Why Wall Street cares
The thesis here is pretty simple: if Google can bundle its own chips, third-party GPUs, and cloud infrastructure into one tidy AI playground, customers may find it easier to spend — and harder to leave. That could help Cloud growth accelerate over time, especially as companies move from proof-of-concept experiments to real deployment.
Jones also sounded pretty comfortable with Google’s rising capex, calling it reasonable given the push to scale AI infrastructure like TPUs and the underlying data architecture. Translation: yes, it’s expensive, but the bank thinks this is the kind of spending that can pay off later instead of just turning into a very fancy receipt.

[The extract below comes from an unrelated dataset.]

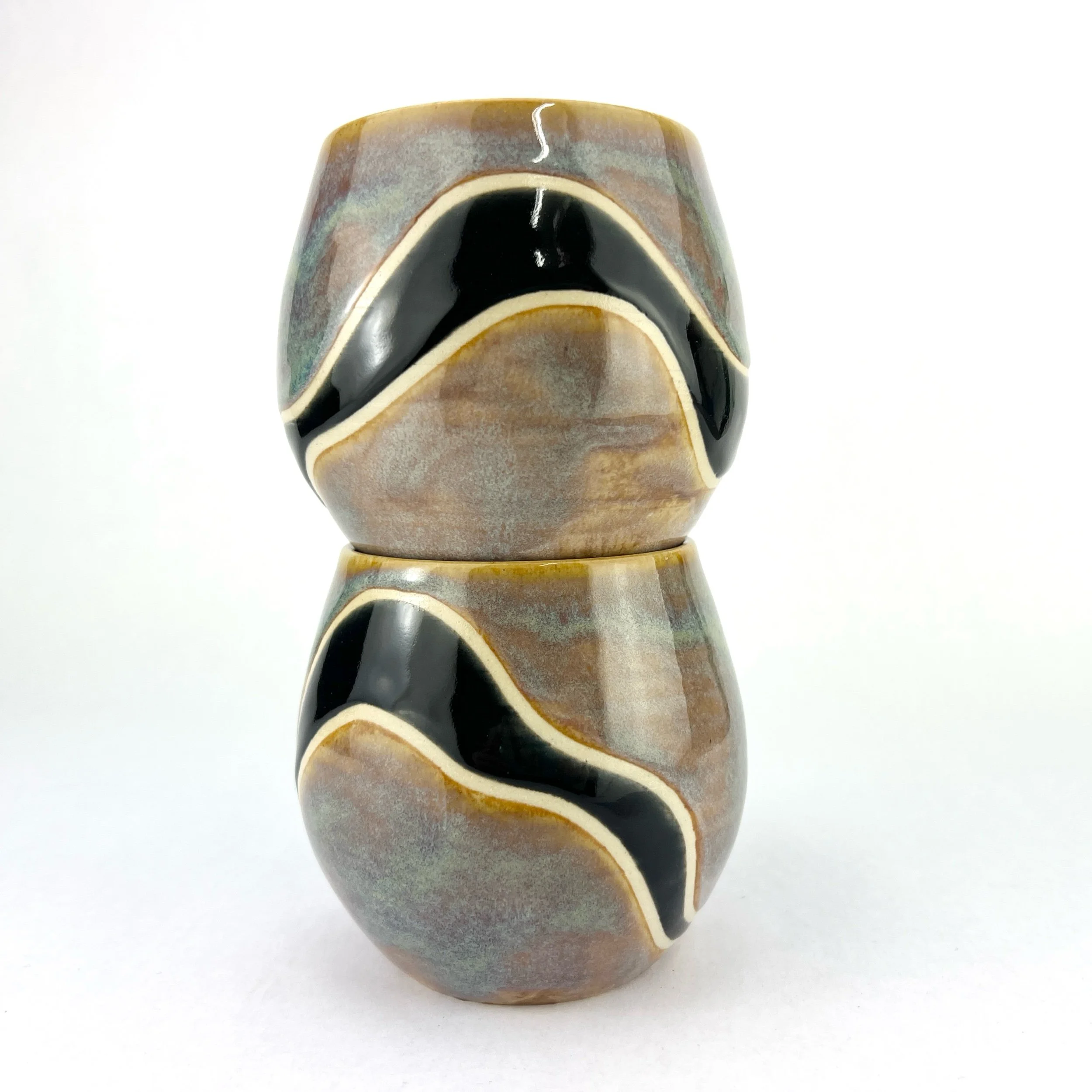 These boozy tumblers are my babies ~ I’ve been making them for over 10 years and they started out as a personal preference to have a tumbler that would feel good to hold, but also have the tactile experience of a worry stone. I found that in social situations fidgeting settles my nerves, and these tumblers are the perfect middle ground of comfort, function, and tactile experience!

The market is already leaning in
Alphabet is sitting near the top of its 52-week range, and the stock has had a monster 12-month run. So this isn’t exactly a hidden gem story — more like Wall Street looking at the same shiny object and saying, “Actually, maybe there’s still room.”
- BNP’s price target: $390
- That implies about 15% upside from the cited price level
- Alphabet reports earnings on April 29, so this note lands right before the next big check-in
Big picture: Google’s ad machine still matters, but the stock is increasingly being judged on whether AI and Cloud can grow up fast enough to justify the valuation.